10/18/2024
By You Zhou
Ph.D. Candidate: You Zhou
Date: Thursday, Oct. 31, 2024
Time: 10 a.m. Eastern Time
Location: This will be a virtual defense via Zoom. Meeting ID: 2904839748
Committee Members:
Jie Wang (advisor), Professor, Miner School of Computer and Information Sciences
Benyuan Liu (member), Professor, Miner School of Computer and Information Sciences
Li Feng (member), Instructional design manager, The TJX companies
Abstract:
We explore how to capture the significance of a sub-text block in an article and how it may be used for text mining tasks.

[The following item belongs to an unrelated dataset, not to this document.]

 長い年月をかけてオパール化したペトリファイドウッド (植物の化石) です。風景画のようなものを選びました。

A sub-text block is a sub-sequence of sentences in the article. We formulate the notion of content significance distribution (CSD) of sub-text blocks, referred to as CSD of the first kind and denoted by CSD-1. In particular, we leverage Hugging Face's SentenceTransformer to generate contextual sentence embeddings, and use MoverScore over text embeddings to measure how similar a sub-text block is to the entire text. To overcome the exponential blowup on the number of sub-text blocks, we present an approximation algorithm and show that the approximated CSD-1 is almost identical to the exact CSD-1. Under this approximation, we show that the average and median CSD-1's for news, scholarly research, argument, and narrative articles share the same pattern. We also show that under a certain linear transformation, the complement of the cumulative distribution function of the beta distribution with certain values of $\alpha$ and $\beta$ resembles a CSD-1 curve. We then use CSD-1's to extract linguistic features to train an SVC classifier for assessing how well an article is organized. Through experiments, we show that this method achieves high accuracy for assessing student essays. Moreover, we study CSD of sentence locations, referred to as CSD of the second kind and denoted by CSD-2, and show that average CSD-2's for different types of articles possess distinctive patterns, which either conform common perceptions of article structures or provide rectification with minor deviation.

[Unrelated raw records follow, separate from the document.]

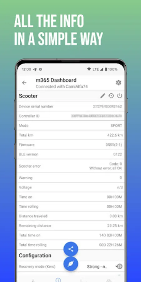 - Possibility to view data and graphs on "offline mode" (without connection to the scooter).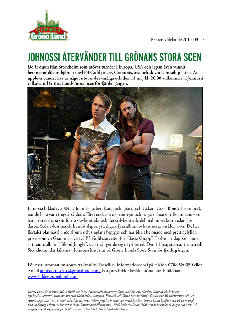 De är duon från Stockholm som utöver turnéer i Europa, USA och Japan även vunnit hemmapublikens hjärtan med P3 Guld-priser, Grammisvinster och skivor som sålt platina. Att uppleva bandet live är något utöver det vanliga och den 11 maj kl. 20.00 välkomnar vi Johnossi tillbaka till Gröna Lunds Stora Scen för fjärde gången.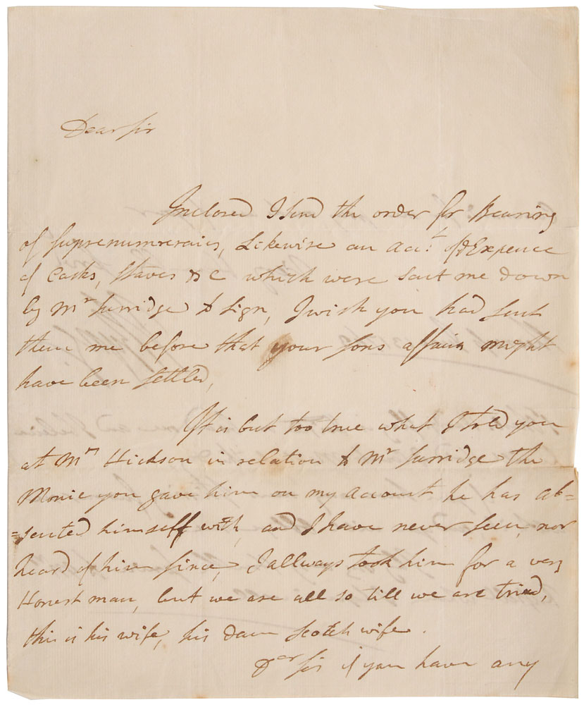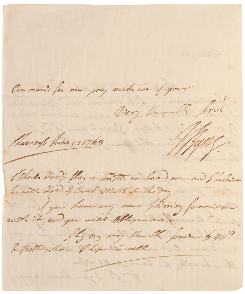 Royal Navy officer (1704–1757) whose loss of Minorca at the beginning of the Seven Years’ War led to his execution. ALS signed “J. Byng,” one page both sides, 7.5 x 8.75, June 13, 1743. In part: “Inclosed I send the order…of Expence of corks, staves, etc, which were sent me…It is but true what I told you at Mr. Hickson in relation to Mr. Surrdige the Monie you gave him on my account he has absented himself with and I have never seen nor heard of his since, I always took him for a very Honest man, but we are all so till we are tried, this is his wife, his damn Scotch wife.” Byng adds a lengthy postscript, in part: “Charles Hardy’s flag is Hoisted on board one and I believe he will Hold if Court Martial this day, If you have any news…favour me with it, and you will oblige me.” In fine condition, with some light foxing, and writing showing through from opposing sides. Pre-certified PSA/DNA.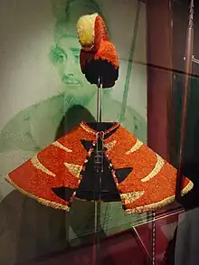 El mahiole (casco) y ʻAhu ʻula (capa o capote) eran el derecho de sólo los jefes de más alto rango.[9] Fueron creados usando intrincadas artesanías de plumas en diseños para representar la divinidad de los jefes así como su poder.[10] Un solo ʻahu ʻula necesitaba miles de pájaros para suministrar plumas.[11] Las insignias se usaban sólo durante la batalla o actos ceremoniales.[12][13]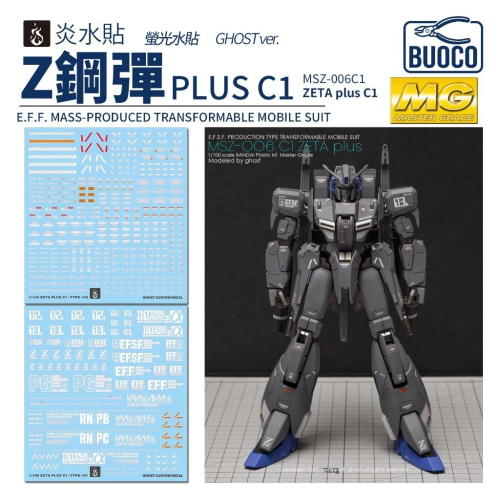 BUOCO、炎水貼、GHOST版、MG、1/100、Z PLUS、Z PLUS C1、ZETA、Gundam Sentinel、前哨戰、螢光水貼、鋼彈模型、水貼、組裝模型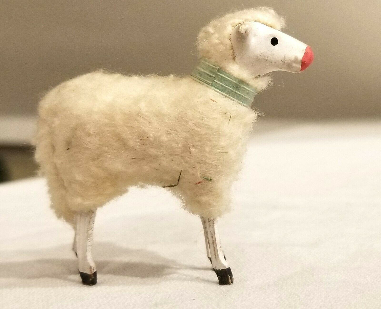 1st Miniature Wooly Sheep. Wooden Legs, Wool-wrapped Body. Blue Collar German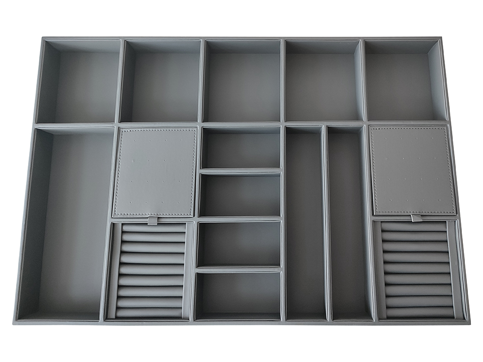 • Pro přehled a pořádek v doplňcích k oblečení s našimi stylovými organizéry• Se Strong organizéry (vklady do zásuvek) na prsteny, náušnice, řetízky, hodinky či náramky, budete mít vždy vše po ruce• Na každý typ doplňku je vyčleněn samostatný prostor• Šperkovnice mají elegantní design, jsou vyrobeny z pevného MDF, povrchovou vrstvu tvoří umělá kůže v kombinaci se sametemProvedení rozměru hloubky sedí přesně pro StrongMax, StrongBox, Legrabox a Antaro při délce výsuvu 500 mmV organizéru najdete spoustu přihrádek na vaše cennosti a také krabičku s víčkem pro šperky, které chceme, aby zůstaly ukrytéRozměr: 722x58x473mm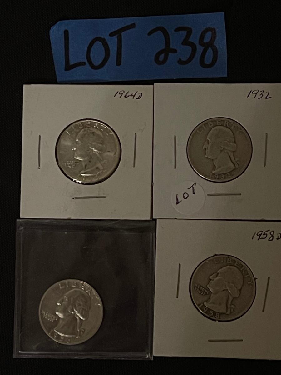 1964-D, 1932, 1958-D, 1956 Quarters.

Existing tools to detect text generated by a large language model (LLM) have met with certain success, but their performance can drop when dealing with texts in new domains. To tackle this issue, we train a ranking classifier called RoBERTa-Ranker, a modified version of RoBERTa, as a baseline model using a dataset we constructed that includes a wider variety of texts written by humans and generated by various LLMs. We then present a method to fine-tune RoBERTa-Ranker that requires only a small amount of labeled data in a new domain. Experiments show that this fine-tuned domain-aware model outperforms the popular DetectGPT and GPTZero on both in-domain and cross-domain texts, where AI-generated texts may either be in a different domain or generated by a different LLM not used to generate the training datasets. This approach makes it feasible and economical to build a single system to detect AI-generated texts across various domains.

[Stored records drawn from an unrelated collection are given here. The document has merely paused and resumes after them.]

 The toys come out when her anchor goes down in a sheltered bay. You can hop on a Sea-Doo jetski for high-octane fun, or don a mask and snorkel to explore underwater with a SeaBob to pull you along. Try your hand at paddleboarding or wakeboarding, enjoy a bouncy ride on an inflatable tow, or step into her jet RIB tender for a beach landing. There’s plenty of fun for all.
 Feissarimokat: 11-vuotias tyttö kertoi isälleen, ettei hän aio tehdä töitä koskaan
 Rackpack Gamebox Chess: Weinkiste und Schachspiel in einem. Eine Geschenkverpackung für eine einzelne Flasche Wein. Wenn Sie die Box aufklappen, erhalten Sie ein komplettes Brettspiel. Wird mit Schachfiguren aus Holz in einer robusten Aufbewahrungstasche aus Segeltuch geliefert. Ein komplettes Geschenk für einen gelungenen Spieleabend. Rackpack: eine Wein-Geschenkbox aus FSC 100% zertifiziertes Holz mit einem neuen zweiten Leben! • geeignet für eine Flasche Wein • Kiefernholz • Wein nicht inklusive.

To further enhance the performance of our baseline model, we conduct extensive data generation and augmentation to ensure stability and robustness. Additionally, we train our model on a larger architecture (Mixtral 8x7B). For labeling, we move away from a simple binary classification (0 or 1) approach and instead assign a label of 0.5 to articles partially generated by both human authors and AI. This strategy is incorporated into training the model to improve the accuracy of the model in distinguishing mixed-origin texts.